The four stages of integrative modeling. The integrative structure determination procedure proceeds through four stages. First, we collect all information describing the system, including experimental data and physical laws. Second, the representation of the system components is chosen, and each piece of input information is translated into a set of spatial restraints. Third, alternative configurations of the system components are sampled. Fourth, the ensemble of models resulting from sampling are filtered by their fit to the input data, the sampling and model precision computed, and the resulting model ensembles validated against information used and not used in modeling. Should the model not be deemed satisfactory, by either being too imprecise or poorly fit, the process can be iterated, adding more information or increasing sampling, until a satisfactory model is obtained. Steps in the fourth stage covered in this tutorial are outlined with thick lines

Answering different biological questions requires models of different precision. 8 Stochastic sampling methods often used in integrative structure modeling do not output a single structure but, rather, an ensemble of varied models that can be similarly consistent with the input data. This model ensemble defines the precision of the output model, but only if the resolution of sampling (sampling precision) is better than the model precision. In an analogy, sampling of a scoring function landscape is akin to taking an optical microscope image, in which only features larger than the resolution of the microscope are meaningful. Thus, accurately estimating the model and sampling precision are crucial for correctly interpreting a model.

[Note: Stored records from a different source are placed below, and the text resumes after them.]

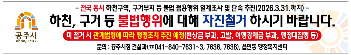 | 875 | 하천, 구거 등 불법 점용시설 일제조사 실시 안내 | 반포면 | 76 | 2026-03-10 | 불법 점용 시설.png |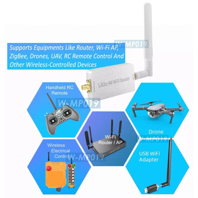 - This 5.8G Wi-Fi signal booster easily amplifies the transmitting and receiving power of 5.8G wireless equipments such as router, Wi-Fi AP, ZigBee, wireless security cameras, drones, UAV and radio-controlled equipment.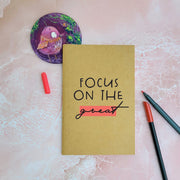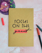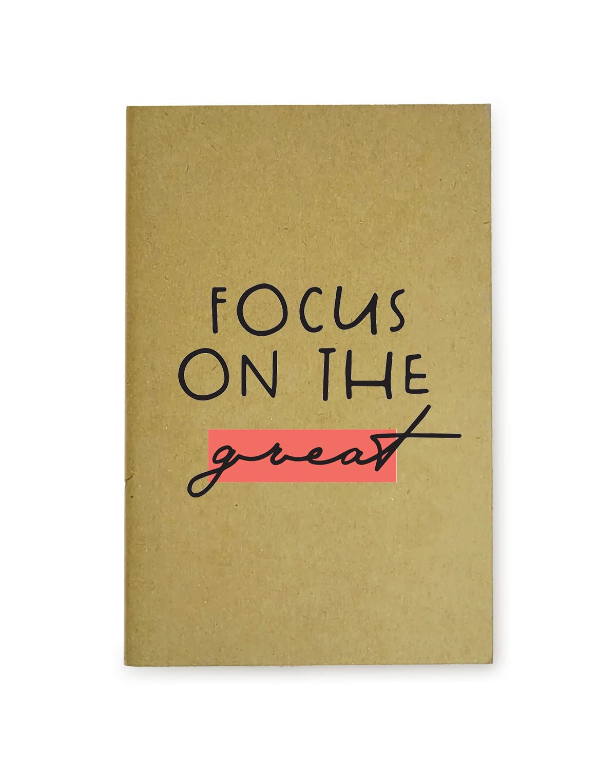 Focus On The Great - Brown A5 Doodle Notebook - Kraft Cover Notebook - A5-300 GSM Kraft Cover - Handmade - Unruled - 80 Pages - Natural Shade Pages 120 GSM - Funny Quotes & Quirky, Funky designs

To facilitate all computational aspects of integrative structure determination, we developed the open source Integrative Modeling Platform (IMP) package (https://integrativemodeling.org/) 9 , 10 for constructing and distributing integrative modeling protocols. The modularity and flexibility of IMP allow us to mix‐and‐match alternative representations, scoring function terms, and sampling algorithms, which in turn facilitates addressing difficult modeling problems. IMP allows representing molecules at multiple resolutions, using spatial restraints from almost any type of data, and searching for solutions by a variety of sampling algorithms.

In a previous Tools in Protein Science article, 7 we demonstrated the Python Modeling Interface (PMI) of IMP for defining model representation, adding data‐based restraints, sampling structural models, and clustering and analyzing output ensembles. In this iteration of the tutorial, we discuss the rationale and implementation of previously described techniques for estimating sampling precision and model uncertainty (Figure 1, bottom) 5 , 11 and illustrate them by a sample integrative structure modeling application.

2. INTEGRATIVE MODELING OF THE RNA POLYMERASE II STALK

In this tutorial, we model the positions and orientations of the Rpb4 and Rpb7 subunits in the RNA polymerase II stalk relative to the rest of the complex. The entire complex was previously solved via X‐ray crystallography at 3.8 Å. 12 Here, we utilize biophysical data including chemical cross‐links, a negative‐stain EM map, and physical principles to localize the two subunits of the stalk in relation to the rest of the complex. Users may opt to perform only the analysis portion of the tutorial by skipping Section 2.2.

2.1. Installing the required software

IMP is available for Linux, Mac, and Windows at https://integrativemodeling.org/download.html. Source code, nightly builds, and detailed installation instructions can be found at https://github.com/salilab/imp. Running the tutorial requires a number of Python packages, including numpy, scikit‐learn, hdbscan, and matplotlib. 13

IMP can also be used through Anaconda Python (https://www.anaconda.com/products/individual). To install IMP through Anaconda, use the following command:




 conda install -c salilab imp



The python dependencies noted above can be installed using the following commands:




 conda install numpy scikit-learn matplotlib pandas



 conda install -c conda-forge hdbscan



 conda install -c salilab pyrmsd



If using Anaconda, all python commands shown below should use the Anaconda instance of Python ($ANACONDA_HOME/bin/python)

The code containing the data and scripts for the integrative modeling of the RNA Polymerase II stalk can be found at https://github.com/salilab/imp_analysis_tutorial/. This repository should be downloaded to the same computer where IMP is installed.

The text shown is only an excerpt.